When you are from their kind of backgrounds, living their kinds of lives, I think they need to make that effort. For much of his career, Heseltine has done so, and it shows. He is still a Tory rather than a genuine progressive, but he has thought deeply about the kind of issues that lead to the kind of riots we saw recently.

His article in The Times today is worth reading, not least by his fellow Tories. It is written subtly and politiely – as Margaret Thatcher knows, he was always good at code. But there is a clear warning to Cameron not to overdo the Broken Britain stuff, and a clear plea for the current government to do more to address the deprivation that inevitably has a role in social disorder. But above all, it is a plea to turn the localism slogan into policies that live up to it.

Much in his article is an echo of that written by Tony Blair at the weekend, in that he sees the problem as one caused by a minority of dysfctional families cut off from mainstream values and mores, that these families are exceptions not norms. They share too a belief in the importance of tackling the underlying issues area by area, street by street, if need be family by family.

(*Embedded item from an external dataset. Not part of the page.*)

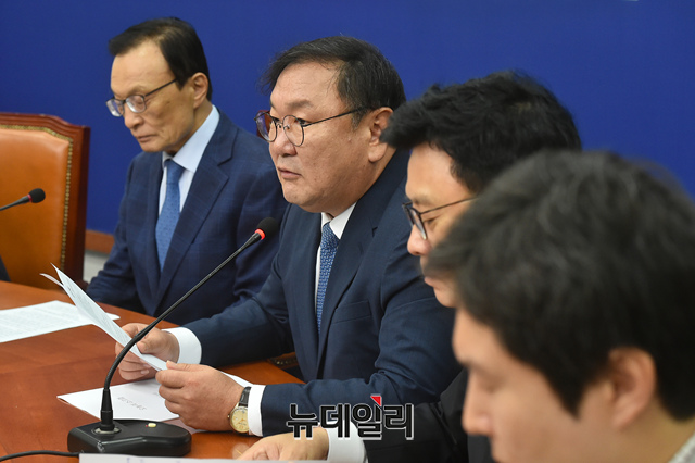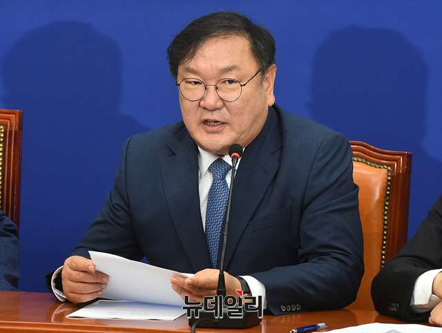 김태년 더불어민주당 원내대표가 5일 오전 국회에서 열린 최고위원회의에 참석해 모두발언을 하고 있다.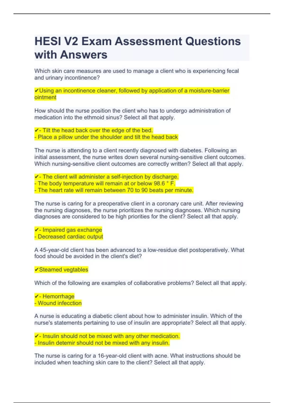 HESI V2 Exam assessment questions with answers

It cannot be done by will alone. It cannot be done by Whitehall and Westminster alone. It needs, as Heseltine says, localism to be converted from slogan to practice. He also rightly notes – in relation to what he calls the mistake of the abolition of Regional Development Authorities – that in some areas decisions taken by the government run counter to their stated objectives.

So much of this is about leadership. He concludes his article with a reference to the report he wrote on the riots thirty years ago. ‘My report noted that problems festered in the inner cities because there were no local leaders to take charge. The problem is the same today.’

For all their talk of localism, the government are taking power and resources away from local government when, as Heseltine says, they should be going in the opposite direction. I know Cameron has a lot going on at the moment. But I hope he finds time to get behind the paywall and read it.